[Saved entries]
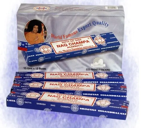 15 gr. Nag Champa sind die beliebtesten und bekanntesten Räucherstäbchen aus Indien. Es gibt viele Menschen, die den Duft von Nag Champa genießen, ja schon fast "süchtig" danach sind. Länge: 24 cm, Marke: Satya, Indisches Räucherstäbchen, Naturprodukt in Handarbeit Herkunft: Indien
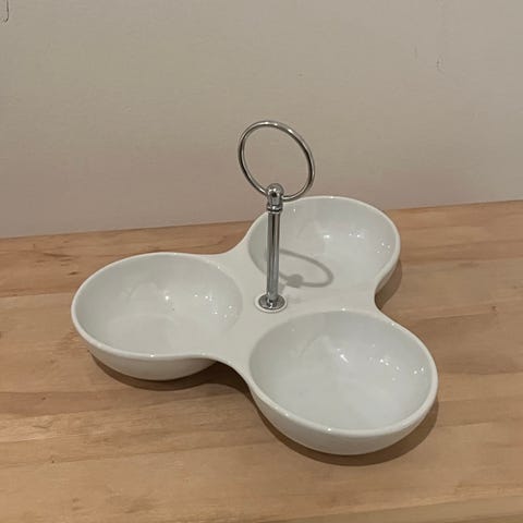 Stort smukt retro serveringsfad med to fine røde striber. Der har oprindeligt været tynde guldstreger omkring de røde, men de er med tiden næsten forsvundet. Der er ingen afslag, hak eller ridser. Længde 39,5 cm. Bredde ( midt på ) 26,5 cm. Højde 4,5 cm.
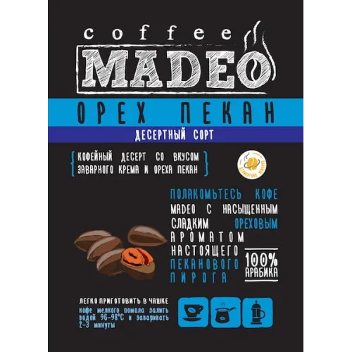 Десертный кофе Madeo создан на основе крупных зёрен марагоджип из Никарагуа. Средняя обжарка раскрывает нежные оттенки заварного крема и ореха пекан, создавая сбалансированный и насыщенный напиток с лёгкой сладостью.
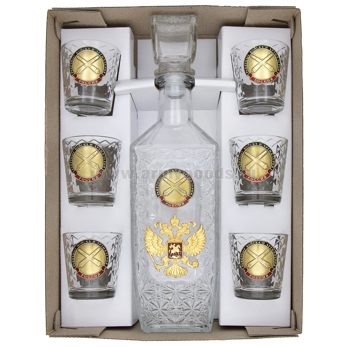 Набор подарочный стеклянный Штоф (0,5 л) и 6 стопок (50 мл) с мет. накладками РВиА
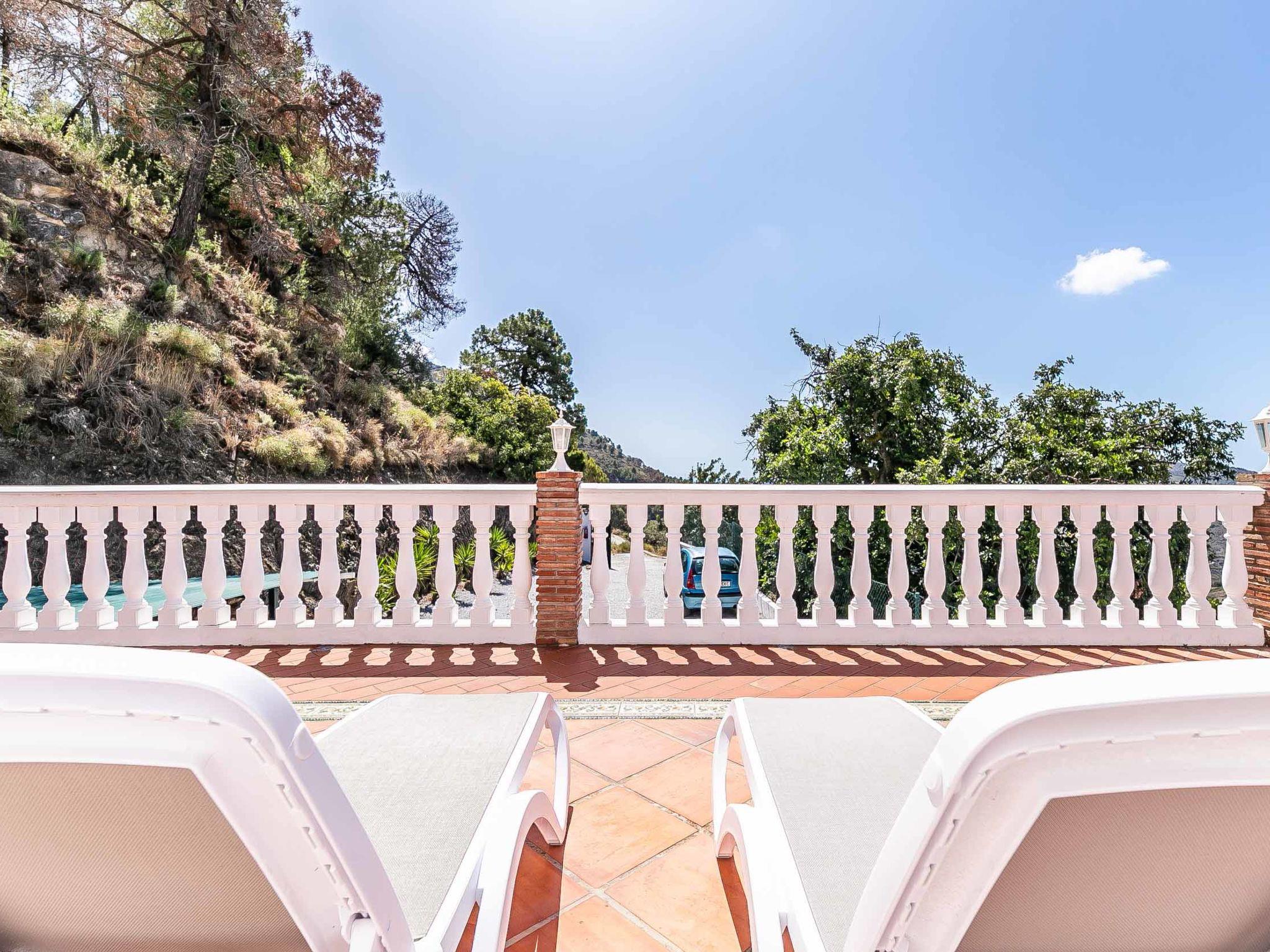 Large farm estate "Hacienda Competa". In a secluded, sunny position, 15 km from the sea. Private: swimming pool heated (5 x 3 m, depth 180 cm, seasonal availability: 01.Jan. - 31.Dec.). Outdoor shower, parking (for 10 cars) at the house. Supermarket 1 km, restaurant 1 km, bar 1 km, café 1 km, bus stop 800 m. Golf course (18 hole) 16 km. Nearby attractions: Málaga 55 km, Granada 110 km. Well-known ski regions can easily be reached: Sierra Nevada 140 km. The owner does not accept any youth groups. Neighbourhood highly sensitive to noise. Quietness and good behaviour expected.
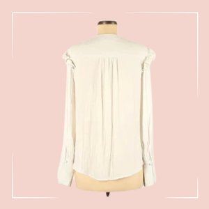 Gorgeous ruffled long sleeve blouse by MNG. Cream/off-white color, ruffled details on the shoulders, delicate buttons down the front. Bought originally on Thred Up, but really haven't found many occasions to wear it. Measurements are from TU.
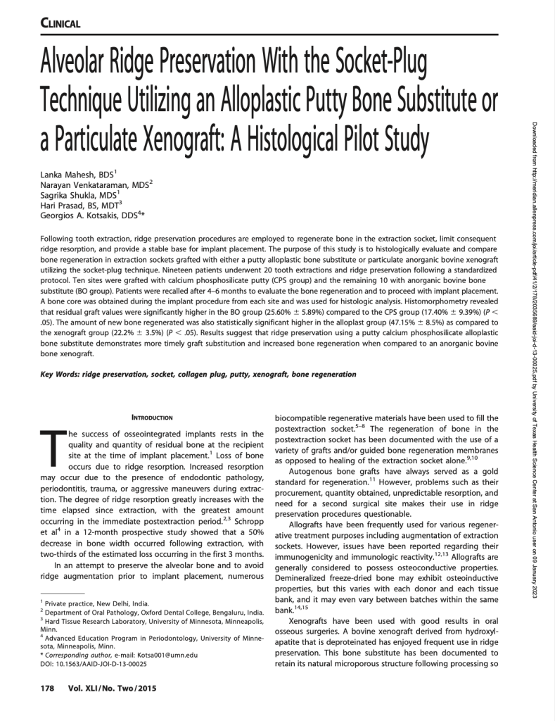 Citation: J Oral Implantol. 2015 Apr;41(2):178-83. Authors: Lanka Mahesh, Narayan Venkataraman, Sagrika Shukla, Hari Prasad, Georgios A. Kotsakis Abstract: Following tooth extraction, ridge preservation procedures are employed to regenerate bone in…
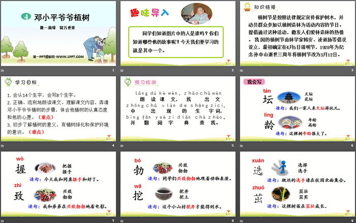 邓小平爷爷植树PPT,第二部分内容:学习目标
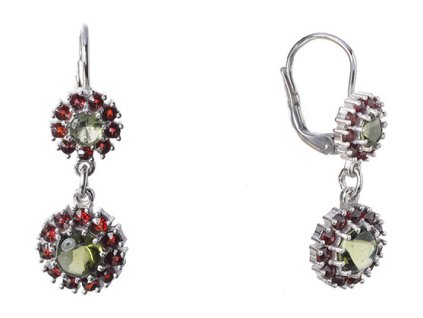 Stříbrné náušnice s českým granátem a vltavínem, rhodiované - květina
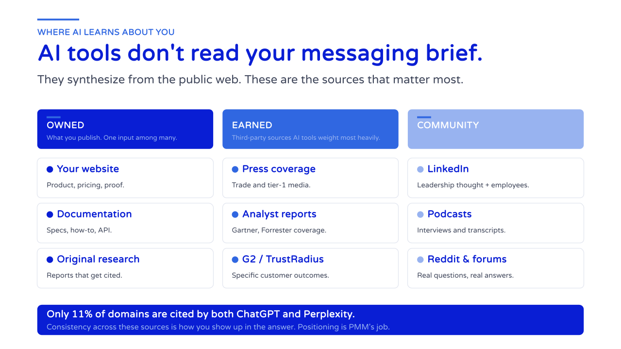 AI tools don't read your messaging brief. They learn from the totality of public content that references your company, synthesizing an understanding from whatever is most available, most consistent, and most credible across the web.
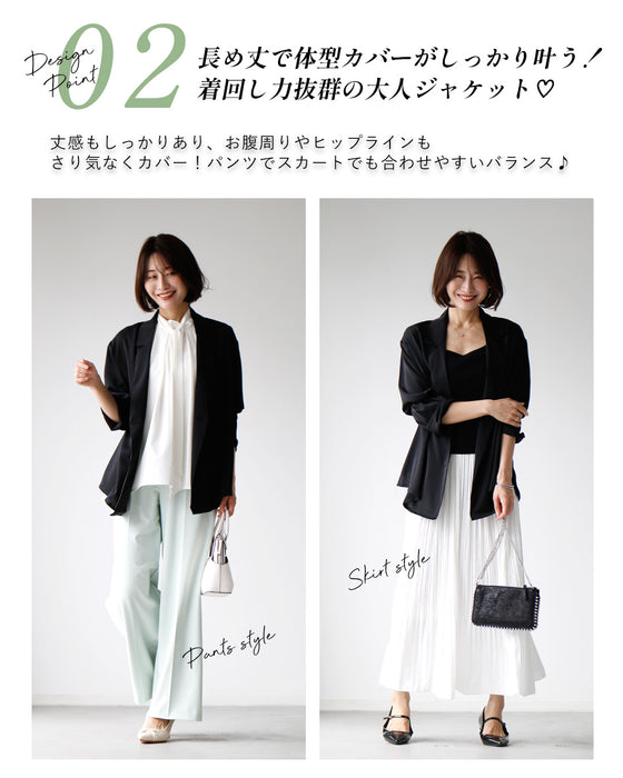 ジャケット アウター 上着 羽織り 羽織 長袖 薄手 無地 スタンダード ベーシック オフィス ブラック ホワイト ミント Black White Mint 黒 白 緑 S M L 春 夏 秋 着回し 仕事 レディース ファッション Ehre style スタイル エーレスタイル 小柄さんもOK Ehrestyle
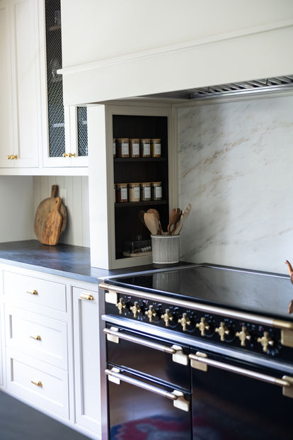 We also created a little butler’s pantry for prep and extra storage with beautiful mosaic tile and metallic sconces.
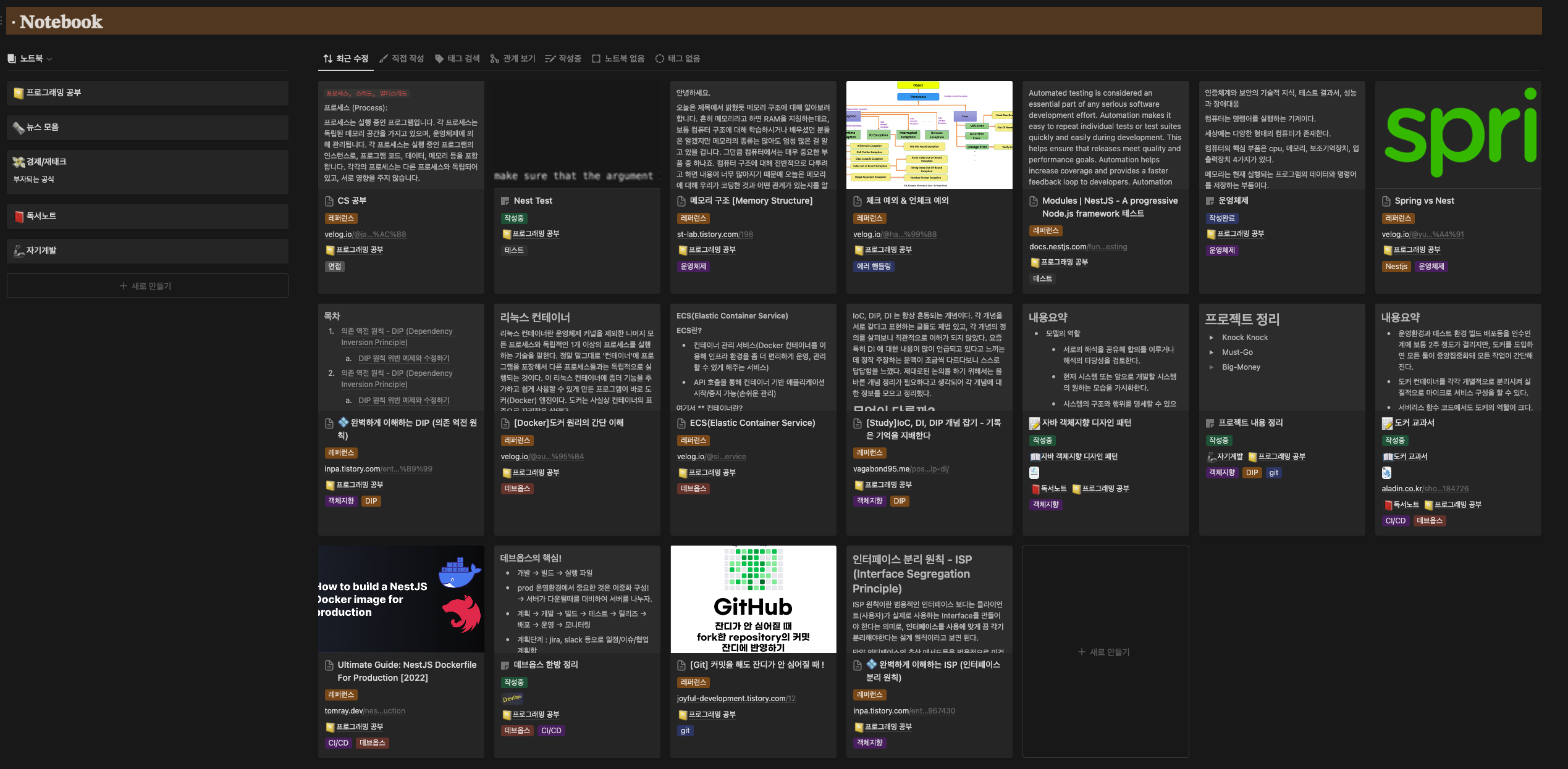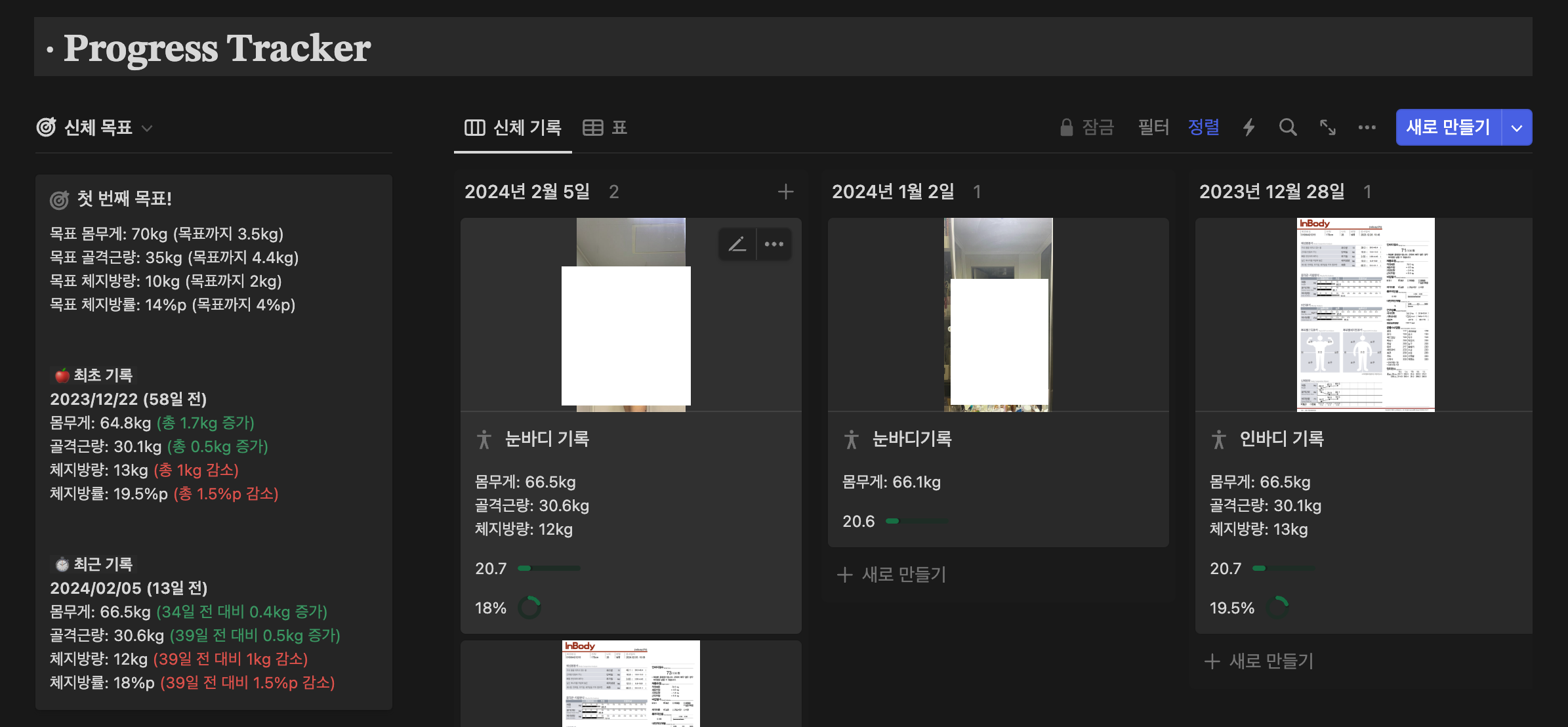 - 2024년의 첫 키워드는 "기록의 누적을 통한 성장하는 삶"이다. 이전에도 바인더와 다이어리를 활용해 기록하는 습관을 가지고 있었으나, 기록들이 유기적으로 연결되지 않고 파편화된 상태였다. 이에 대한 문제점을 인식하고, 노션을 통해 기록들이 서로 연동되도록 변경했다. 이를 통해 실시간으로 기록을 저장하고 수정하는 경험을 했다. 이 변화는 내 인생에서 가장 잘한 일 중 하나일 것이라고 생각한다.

**About this exercise:**
Repeat all of the entries word for word, but omit the pictures.

**Result of the exercise:**
 15 gr. Nag Champa sind die beliebtesten und bekanntesten Räucherstäbchen aus Indien. Es gibt viele Menschen, die den Duft von Nag Champa genießen, ja schon fast "süchtig" danach sind. Länge: 24 cm, Marke: Satya, Indisches Räucherstäbchen, Naturprodukt in Handarbeit Herkunft: Indien
 Stort smukt retro serveringsfad med to fine røde striber. Der har oprindeligt været tynde guldstreger omkring de røde, men de er med tiden næsten forsvundet. Der er ingen afslag, hak eller ridser. Længde 39,5 cm. Bredde ( midt på ) 26,5 cm. Højde 4,5 cm.
 Десертный кофе Madeo создан на основе крупных зёрен марагоджип из Никарагуа. Средняя обжарка раскрывает нежные оттенки заварного крема и ореха пекан, создавая сбалансированный и насыщенный напиток с лёгкой сладостью.
 Набор подарочный стеклянный Штоф (0,5 л) и 6 стопок (50 мл) с мет. накладками РВиА
 Large farm estate "Hacienda Competa". In a secluded, sunny position, 15 km from the sea. Private: swimming pool heated (5 x 3 m, depth 180 cm, seasonal availability: 01.Jan. - 31.Dec.). Outdoor shower, parking (for 10 cars) at the house. Supermarket 1 km, restaurant 1 km, bar 1 km, café 1 km, bus stop 800 m. Golf course (18 hole) 16 km. Nearby attractions: Málaga 55 km, Granada 110 km. Well-known ski regions can easily be reached: Sierra Nevada 140 km. The owner does not accept any youth groups. Neighbourhood highly sensitive to noise. Quietness and good behaviour expected.
 Gorgeous ruffled long sleeve blouse by MNG. Cream/off-white color, ruffled details on the shoulders, delicate buttons down the front. Bought originally on Thred Up, but really haven't found many occasions to wear it. Measurements are from TU.
 Citation: J Oral Implantol. 2015 Apr;41(2):178-83. Authors: Lanka Mahesh, Narayan Venkataraman, Sagrika Shukla, Hari Prasad, Georgios A. Kotsakis Abstract: Following tooth extraction, ridge preservation procedures are employed to regenerate bone in…
 邓小平爷爷植树PPT,第二部分内容:学习目标
 Stříbrné náušnice s českým granátem a vltavínem, rhodiované - květina
 AI tools don't read your messaging brief. They learn from the totality of public content that references your company, synthesizing an understanding from whatever is most available, most consistent, and most credible across the web.
 ジャケット アウター 上着 羽織り 羽織 長袖 薄手 無地 スタンダード ベーシック オフィス ブラック ホワイト ミント Black White Mint 黒 白 緑 S M L 春 夏 秋 着回し 仕事 レディース ファッション Ehre style スタイル エーレスタイル 小柄さんもOK Ehrestyle
 We also created a little butler’s pantry for prep and extra storage with beautiful mosaic tile and metallic sconces.
 - 2024년의 첫 키워드는 "기록의 누적을 통한 성장하는 삶"이다. 이전에도 바인더와 다이어리를 활용해 기록하는 습관을 가지고 있었으나, 기록들이 유기적으로 연결되지 않고 파편화된 상태였다. 이에 대한 문제점을 인식하고, 노션을 통해 기록들이 서로 연동되도록 변경했다. 이를 통해 실시간으로 기록을 저장하고 수정하는 경험을 했다. 이 변화는 내 인생에서 가장 잘한 일 중 하나일 것이라고 생각한다.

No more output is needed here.